As part of the 2017 Minnesota Population Center Diversity Fellowship program, the goal of our project—titled “IPUMS-International and IPUMS-DHS Stats Education Outreach”—was to develop exercises in basic statistics that were based on the IPUMS-International (census) and IPUMS-DHS (Demographic and Health Survey) datasets.
The motivation behind this project was to extend the reach of IPUMS datasets to a broader audience of stats students and teachers from around the world. The population of users we had in mind when designing these exercises were statistics instructors and teaching assistants in search of ready-made, real-data-based exercises. Specifically, our goal was to make use of the unique quality and breadth of the empirical data included in IPUMS-International and IPUMS-DHS, and to expose teachers and students from the field of statistics to the complexity and messiness of real-life data.

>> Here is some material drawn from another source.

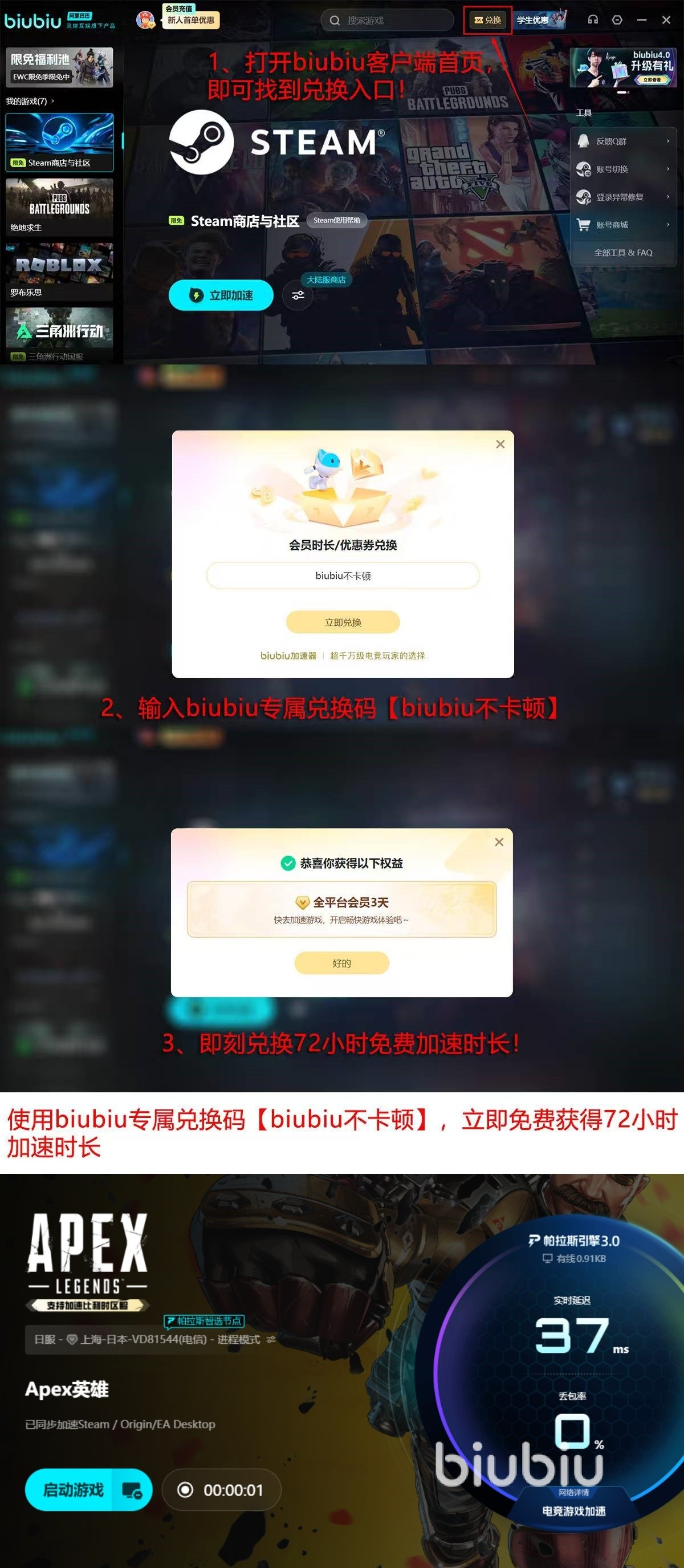 新用户首次启动biubiu,即可获得24小时加速机会,“biubiu不卡顿”在对应界面输入这个口令,额外的3天会员权益直接到账,叠加可获取4天免费时间。

In doing so, we were also aiming to bridge a gap that exists between statistics and the social sciences, with the hope of getting the best of both worlds: the elegance, accuracy, and unambiguity of statistics, on the one hand, and the messier, more holistic approach of the social sciences on the other. As students who themselves come from these two radically different disciplines, we were an embodiment of this very endeavor, and had a chance to learn from each other throughout this fruitful summer.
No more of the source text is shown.